Деревня, в дюжину дворов, и вправду оказалась хороша – небогата, зато опрятна и весела. Раскрытых крыш не было вовсе, только в одной крайней избе матица была подперта рогулькой. Мужики, бабы и ребята смотрели и кланялись бойко, с улыбкой, девчонка гнала гусей через дорогу, где-то стучали молотком. Артамону вдруг пришло что-то в голову – он крикнул гусятнице:

– Скажи, умница, а Евграфова Агафья жива еще?

– Жива, барин, вон ее изба.

– Кто эта Агафья? – спросила Вера Алексеевна.

– Только ты не смейся. Это моя старая нянька. Вдруг захотелось ее повидать…

Изба была небольшая пятистенка, с покосившимся плетнем. На дворе две женщины – босая старуха и с нею немолодая баба в синей юбке – несли в сени кадь с водой. За ними, переступая раскоряченными ножками, ковылял крошечный мальчик в ситцевой рубашке.

Артамон, не выпуская руку жены, вошел во двор, поднялся на щелястое крыльцо.

– Травой пахнет… медуницей, – шепотом проговорил он. – Чуешь? Сладко. Мы в походе этак ночевали – спишь на сене, а цветами пахнет, аж голова кругом.

– Ну давай уж зайдем, раз пришли, – с улыбкой сказала Вера Алексеевна.

Муж толкнул дверь и шагнул в сенцы первым, пригнувшись, чтоб не стукнуться лбом о притолоку. Вера Алексеевна последовала за ним. Распрямившись и почти коснувшись головой ската крыши, Артамон обернулся к ней и пошутил:

– Кавалергарды высоки – подпирают потолки.

В шестиаршинной горнице никого не было, кроме старухи, бабы в синей юбке, мальчишки и девочки лет восьми. Старуха, сощурившись, посмотрела на вошедших и хрипло сказала:

– Хтой-та приехал, не узнать.

– Как не узнать, молодой барин.

Баба поклонилась, заставила поклониться и девочку, хотела подойти к ручке – Артамон сердито сказал: «Не надо, я этого не люблю».
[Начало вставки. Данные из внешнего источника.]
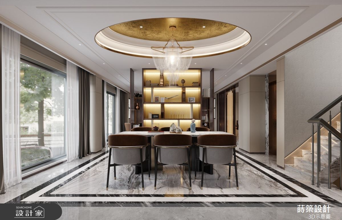 來自蒔築設計的150坪新古典住宅案,是一間透天別墅新成屋(5年以下)的五房格局,設計師藉由建材以花磚、壁紙、超耐磨木地板、大理石、線板、鍍鈦、玻璃的搭配應用,實現一家人的理想生活。

– А ты, кажется, Арина? Видишь, – он обернулся к жене, – я хороший хозяин, всех своих крестьян знаю. Арина, а муж Егорка. Я помню, как тебя выдавали… он ведь пьяница был, папаша подумал – женить его, так, может, образумится. Помнишь, Арина, как ты за Егорку не хотела?

– Что же, глупая была, – спокойно отвечала Арина.

– Не пьет теперь?

– Слава Богу, сократился. Пьет, да меру знает. Овец вот завели.

Во время этого хозяйственного разговора Артамон поглядывал на Веру Алексеевну – видит ли она, какой он рачительный барин.

– У бабки память больно худа стала, хоть кочны клади, и те проваливаются. Чего утресь делала, и того путем не помнит, стара, – словно извиняясь за старуху, нараспев продолжала Арина.

– Как стара? Да не старей же папеньки.

– Куда как старее, батюшка, люди бают, уж восимисит есть.

– А все работает, – заметила Вера Алексеевна.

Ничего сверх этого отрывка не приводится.